WHAT IS EXPECTED. Copy out exactly the lines below that run from the one holding "This dive boat" to the one holding "Door middel van", keeping both of those lines and no others.

== INFORMATION PROVIDED

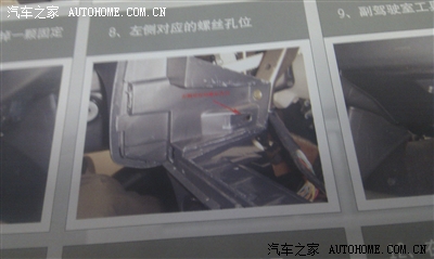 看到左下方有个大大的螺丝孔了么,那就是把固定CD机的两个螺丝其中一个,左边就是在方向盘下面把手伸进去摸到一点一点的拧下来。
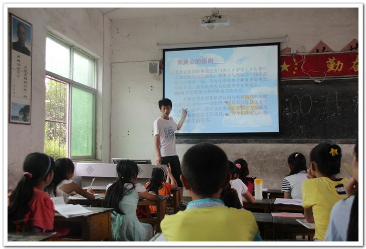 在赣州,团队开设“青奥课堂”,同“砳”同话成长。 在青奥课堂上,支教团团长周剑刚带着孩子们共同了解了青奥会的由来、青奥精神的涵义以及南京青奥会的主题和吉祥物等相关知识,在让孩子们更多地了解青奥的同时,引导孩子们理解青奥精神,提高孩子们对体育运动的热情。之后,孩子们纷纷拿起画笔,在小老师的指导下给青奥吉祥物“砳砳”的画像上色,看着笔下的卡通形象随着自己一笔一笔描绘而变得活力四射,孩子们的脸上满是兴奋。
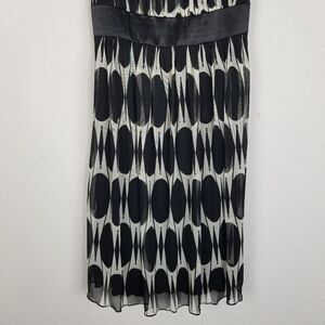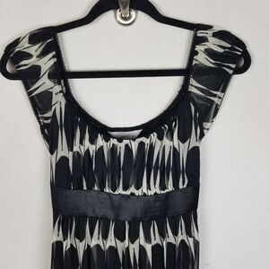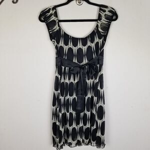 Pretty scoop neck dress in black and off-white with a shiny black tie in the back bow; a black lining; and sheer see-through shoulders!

====
== INFORMATION PROVIDED

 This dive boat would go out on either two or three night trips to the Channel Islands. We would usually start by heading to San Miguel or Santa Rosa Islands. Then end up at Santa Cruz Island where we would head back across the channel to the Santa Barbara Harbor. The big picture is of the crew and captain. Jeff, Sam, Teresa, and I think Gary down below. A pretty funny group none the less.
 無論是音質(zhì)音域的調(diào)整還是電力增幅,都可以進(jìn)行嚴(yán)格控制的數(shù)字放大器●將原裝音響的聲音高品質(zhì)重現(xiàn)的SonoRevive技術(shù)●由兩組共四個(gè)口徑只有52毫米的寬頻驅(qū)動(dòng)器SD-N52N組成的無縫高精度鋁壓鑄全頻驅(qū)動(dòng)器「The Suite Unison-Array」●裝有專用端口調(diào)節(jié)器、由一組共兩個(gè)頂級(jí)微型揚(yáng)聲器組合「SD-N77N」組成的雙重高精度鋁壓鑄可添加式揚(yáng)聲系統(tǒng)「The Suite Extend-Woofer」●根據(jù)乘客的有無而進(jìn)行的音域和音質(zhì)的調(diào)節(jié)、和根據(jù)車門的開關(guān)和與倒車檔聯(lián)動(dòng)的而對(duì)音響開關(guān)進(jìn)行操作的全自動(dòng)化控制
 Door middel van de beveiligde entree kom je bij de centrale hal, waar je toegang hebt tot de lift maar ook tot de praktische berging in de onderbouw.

====

ANSWER FOR THIS EXERCISE.
 This dive boat would go out on either two or three night trips to the Channel Islands. We would usually start by heading to San Miguel or Santa Rosa Islands. Then end up at Santa Cruz Island where we would head back across the channel to the Santa Barbara Harbor. The big picture is of the crew and captain. Jeff, Sam, Teresa, and I think Gary down below. A pretty funny group none the less.
 無論是音質(zhì)音域的調(diào)整還是電力增幅,都可以進(jìn)行嚴(yán)格控制的數(shù)字放大器●將原裝音響的聲音高品質(zhì)重現(xiàn)的SonoRevive技術(shù)●由兩組共四個(gè)口徑只有52毫米的寬頻驅(qū)動(dòng)器SD-N52N組成的無縫高精度鋁壓鑄全頻驅(qū)動(dòng)器「The Suite Unison-Array」●裝有專用端口調(diào)節(jié)器、由一組共兩個(gè)頂級(jí)微型揚(yáng)聲器組合「SD-N77N」組成的雙重高精度鋁壓鑄可添加式揚(yáng)聲系統(tǒng)「The Suite Extend-Woofer」●根據(jù)乘客的有無而進(jìn)行的音域和音質(zhì)的調(diào)節(jié)、和根據(jù)車門的開關(guān)和與倒車檔聯(lián)動(dòng)的而對(duì)音響開關(guān)進(jìn)行操作的全自動(dòng)化控制
 Door middel van de beveiligde entree kom je bij de centrale hal, waar je toegang hebt tot de lift maar ook tot de praktische berging in de onderbouw.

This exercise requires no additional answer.